9. The distributed database system according to claim 3, wherein
the DSN generating section, the DSN storage node determining
section, the D-CRX generating section, the D-CRX storage node
determining section, the D-CRS generating section, the D-CRS
storage node determining section, the D-RIX generating section and
the D-RIX storage node determining section are provided in the
slave nodes.
10. The distributed database system according to claim 1, wherein
the NID allocating section allocates NID taking a value of a
natural number and an ordinal number to the key value related to
the registration request.
11. The distributed database system according to claim 1, wherein
the DSN storage node determining section determines one of the
slave nodes serving as a storage location for the data of the DSN
by Consistent hashing using the key value related to the
registration request as a distribution key.

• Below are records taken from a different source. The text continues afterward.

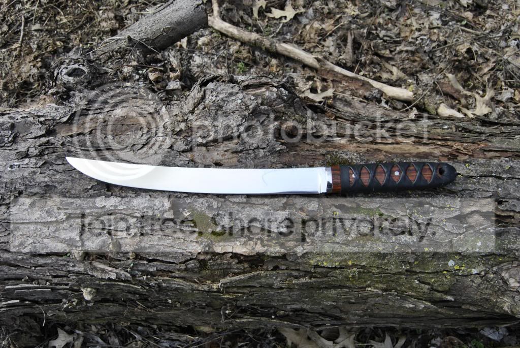 My third blade, 1/4" 12 1/2" long blade distal taper from guard to tip,forged 5160 w/ cocbolo handle wrapped in black leather. I think this one turned out better then expected. While forging, I thought I was never going to get this thing straight. It took a while, but I got it.
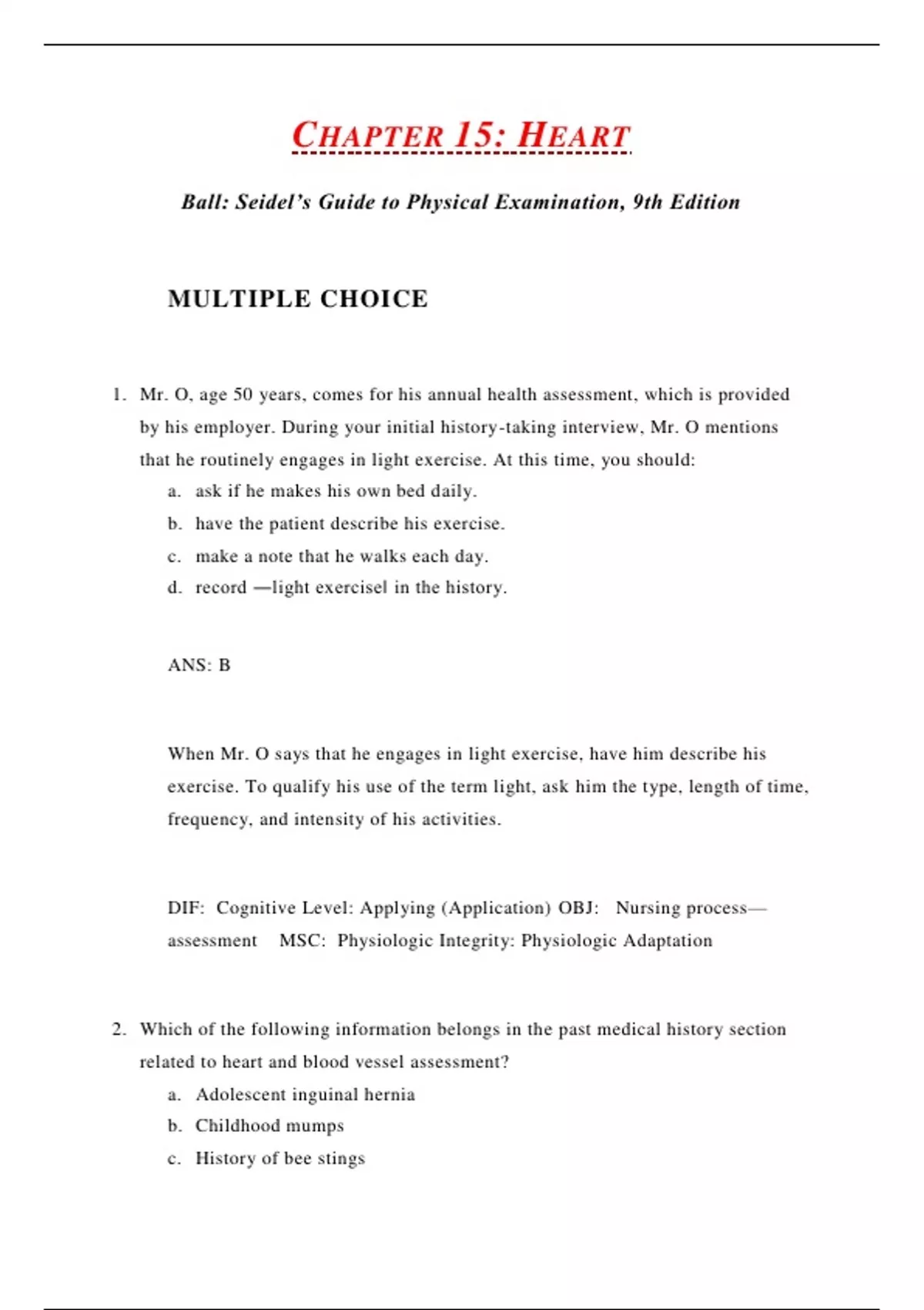 Ball: Seidel’s Guide to Physical Examination, 9th Edition MULTIPLE CHOICE 1. Mr. O, age 50 years, comes for his annual health assessment, which is provided by his employer. During your initial history-taking interview, Mr. O mentions that he routinely engages in light exercise. At this time, you should: a. ask if he makes his own bed daily. b. have the patient describe his exercise. c. make a note that he walks each day. d. record ―light exercise‖ in the history. ANS: B When Mr. O says that he engages in light exercise, have him describe his exercise. To qualify his use of the term light, ask him the type, length of time, frequency, and intensity of his activities. DIF: Cognitive Level: Applying (Application) OBJ: Nursing process—assessment MSC: Physiologic Integrity: Physiologic Adaptation 2. Which of the following information belongs in the past medical history section related to heart and blood vessel assessment? a. Adolescent inguinal hernia b. Childhood mumps c. History of bee stings d. Previous unexplained fever ANS: D Previous unexplained fever should be included in the past medical history of a heart and blood vessel assessment. This incidence may be related to acute rheumatic fever, with potential heart valve damage. DIF: Cognitive Level: Understanding (Comprehension) OBJ: Nursing process—assessment MSC: Physiologic Integrity: Physiologic Adaptation 3. A patient you are seeing in the emergency department for chest pain is believed to be having a myocardial infarction. During the health history interview of his family history, he relates that his father had died of ―heart trouble.‖ The most important follow-up question you should pose is which of the following? a. “Did your father have coronary bypass surgery?” b. “Did your father's father have heart trouble also?” c. “What were your father's usual dietary habits?” d. “What age was your father at the time of his death?”
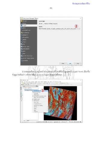 ห้องสมุดกรมพัฒนาที่ดิน 65 3) ภาพแผนที่จะปรากฏในหน้าต่างแสดงแผนที่ โดยที่ชั้นข้อมูลแสดงใน Layer Panel เลือกชั้น ข้อมูลภาพดังกล่าว คลิกขวาเลือก Zoom to Layer เพื่อดูภาพทั้งหมด
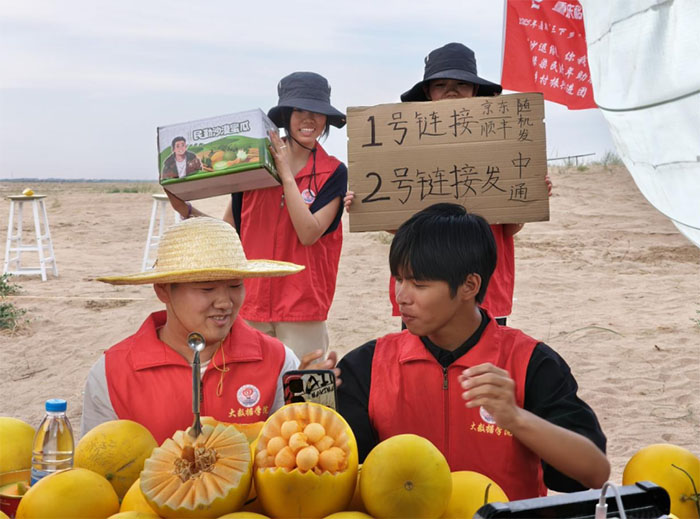 傍晚7點,團隊利用基地負責人仲麟的抖音賬號開展大學生“三下鄉”專場助農直播,聯動蘭州交通大學,助力基地銷售蜜瓜,售賣蜜瓜所得收入也將全部投入到治沙防沙基地的建設中。這場直播不僅宣傳了民勤農產品,也讓更多人了解到治沙工作的重要意義。
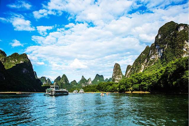 4个小时左右的船程,看山看水,看蓝天看白云~波光粼粼,偶尔见几条漓江鱼~

12. The distributed database system according to claim 2, wherein
the D-CRX storage node determining section determines one of the
slave nodes serving as a storage location for the data of the D-CRX
by Consistent hashing using the function of the NID as a
distribution key, and the D-CRS storage node determining section
determines one of the slave nodes serving as a storage location for
the data of the D-CRS by Consistent hashing using the function of
the RID as a distribution key.
13. The distributed database system according to claim 3, wherein
the D-RIX storage node determining section determines one of the
slave nodes serving as a storage location for the data of the D-RIX
by Consistent hashing using the function of the NID as a
distribution key.
14. A data structure for a distributed database having a master
node for supervising a plurality of slave nodes and serving to
distribute and store a key value in the slave nodes, and causing
the slave nodes to execute a data manipulation based on a command
sent from the master node in parallel by using the key value which
is distributed and stored, comprising, as information related to a
key value for specifying the key value: information indicating
distributed shared NID (DSN) related to a correspondence
relationship between a key value related to a registration request
and a key value identifier (NID) taking a unique value within a
range of a data type possessed by the key value related to the
registration request in the whole distributed database in a
classification for each data type possessed by the key value
related to the registration request; information indicating a
distributed, compressed and restored index (D-CRX) related to the
correspondence relationship between the key value related to the
registration request and the NID in a classification for each
column to which the key value related to the registration request
belongs; and information indicating, in a classification for each
column, a distributed and compressed result set cache (D-CRS)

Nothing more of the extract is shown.